The point is, our understanding of why many bee species are in danger is still patchy, explains Dr Simon Potts, a Principal Research Fellow from the University of Reading, UK, who is also a scientific adviser of a new project launched outside Europe by the Global Environment Facility (GEF) together with the UN Environment Programme (UNEP) to better protect pollinating bees, bats and birds in Brazil, Ghana, India, Kenya, Nepal, Pakistan and South Africa.

“It’s quite shocking to see that in most countries a large proportion of our bee species is under severe threat”, Dr Potts says. “a 10% loss in bees is not an unrealistic future prospect for Europe; and a 10% loss of insect pollination could have huge economic consequences and also negative impacts on the pollination of the wide variety of wild flowering plants. There are 2,250 bee species in Europe, and many more in the tropics, but the general principles of pollinator conservation here in Europe can also be transferred to the tropics. If you grow coffee in areas where there are fragments of forest, you get better quality coffee and a better yield, because there are more pollinators. In the GEF project we try and work with farmers to get them to see the economic value of that. We have demonstration farms for this purpose”.

Dr Potts, together with his close collaborator Stuart Roberts, aim to put together a European bee red list, although, there is still quite a long way to go to assemble it properly. In Germany, for instance, “there are 560 bee species and 289 of them are on the red list”, Mr Roberts says. “In Switzerland, 42% of species are in danger. In Finland the percentage is 45%, whereas in the Netherlands 54% of all bee species are under threat.”

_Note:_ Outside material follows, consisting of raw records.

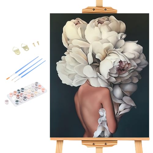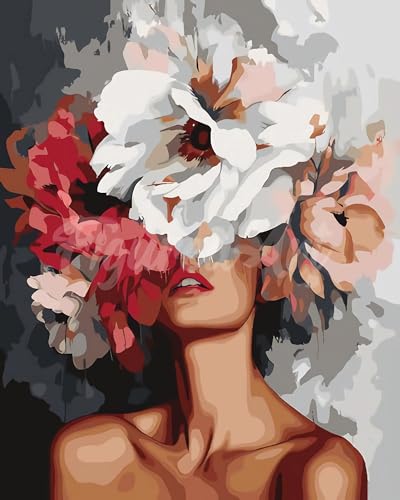 Tucocoo Måla efter nummer, motiv med kvinnohuvud av blommor, i modern stil, akryl, oljemålning-set, fin heminredning, måla efter siffror, perfekt för vuxna/nybörjare, utan ram – 40 x 50 cm
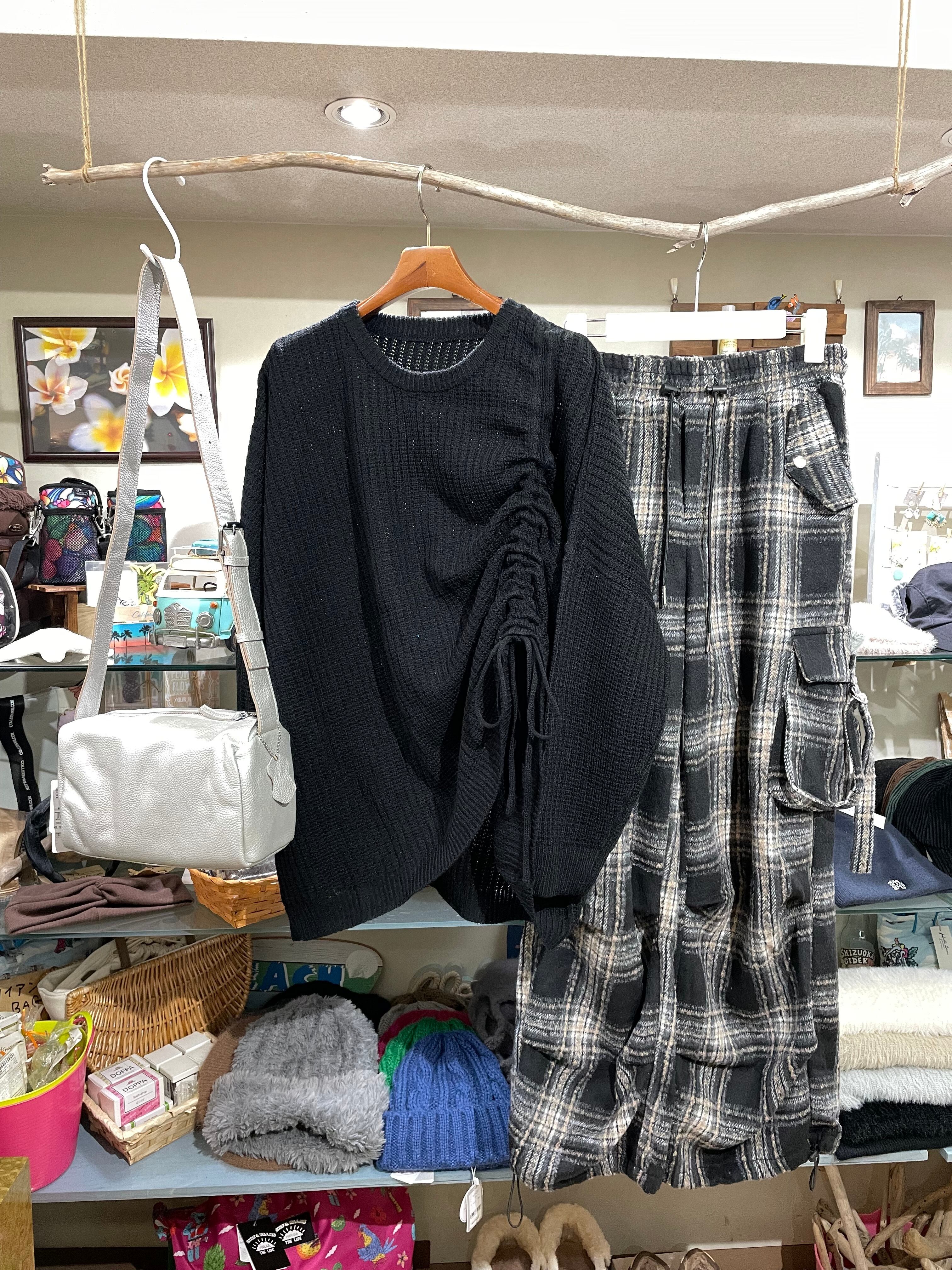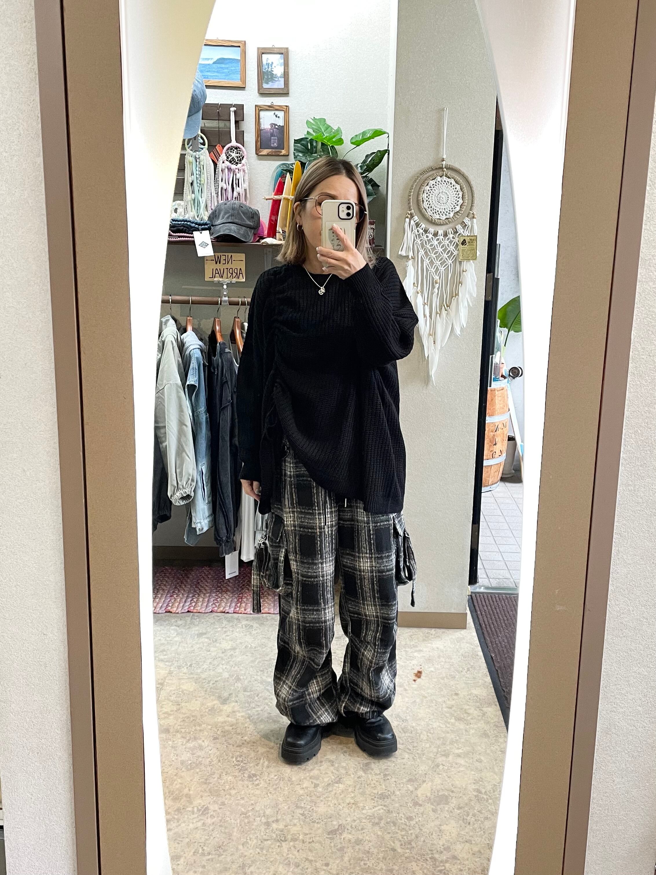 ワイドなニットで、身幅がゆったりとしており体のラインを拾いにくいため、Mサイズと記載していますが他のサイズの方でもお召いただけるサイズ感です。
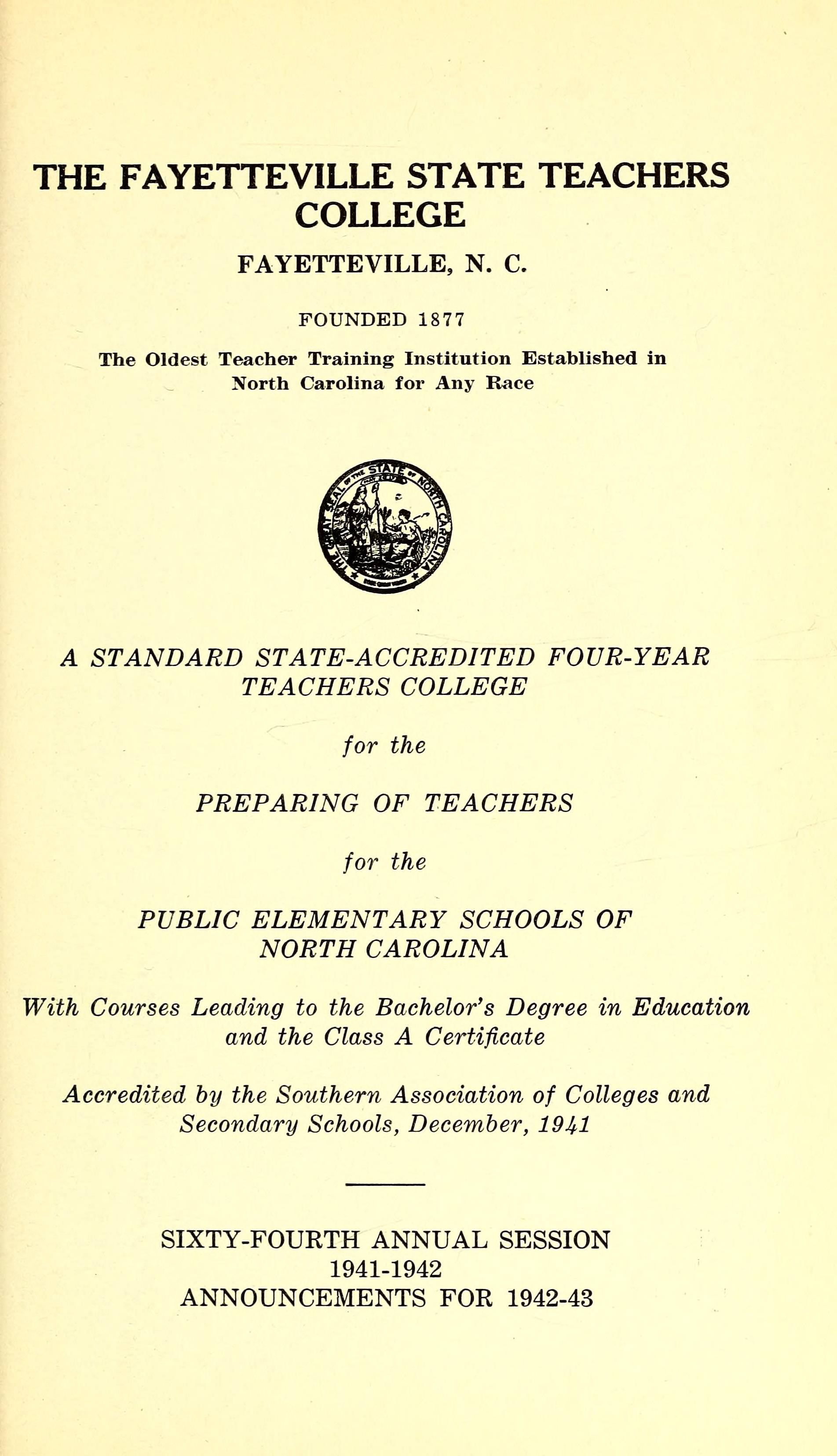 Fayetteville State Teachers College Catalog [19411942]
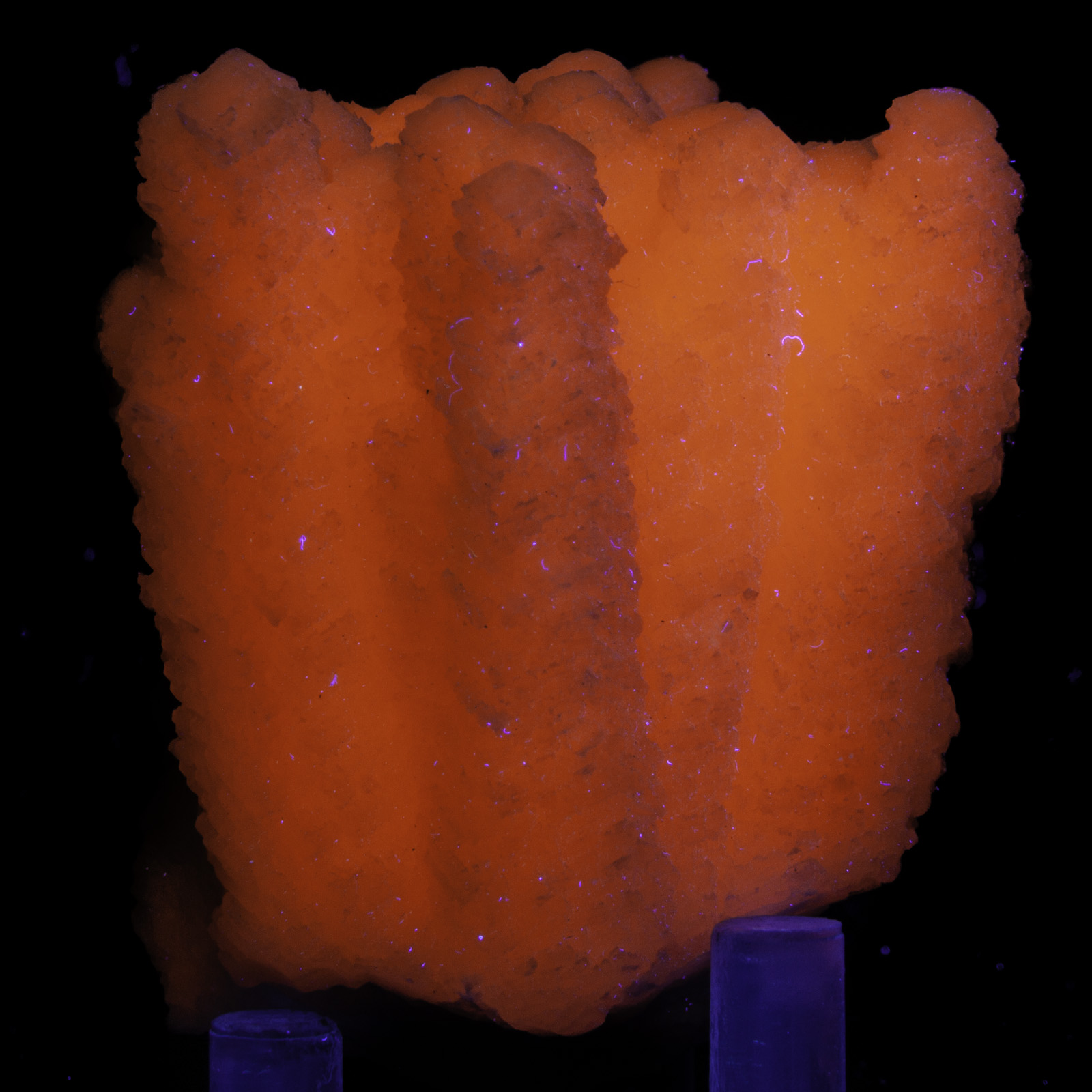 Mineral Description: A highly fluorescent (hot pink) manganocalcite cluster consisting of terminated stacked columns of light pink manganocalcite crystals overgrowing another mineral (appears to be calcite). Exccellent condition. Height: 6.5 Width: 5 Depth: 4.8 cm

All in all, 9 European countries have so far provided their own full assessment, and on this basis the average number of species under threat, Mr Roberts concludes, “is just under 45%. Loss of habitat is believed to be the biggest driver everywhere”. If any future mapping of world bees reveals even higher losses, there is going to be some very hard thinking to be done. Hopefully, this may happen well before we all have to recur to some horrendously expensive and laborious artificial pollination systems.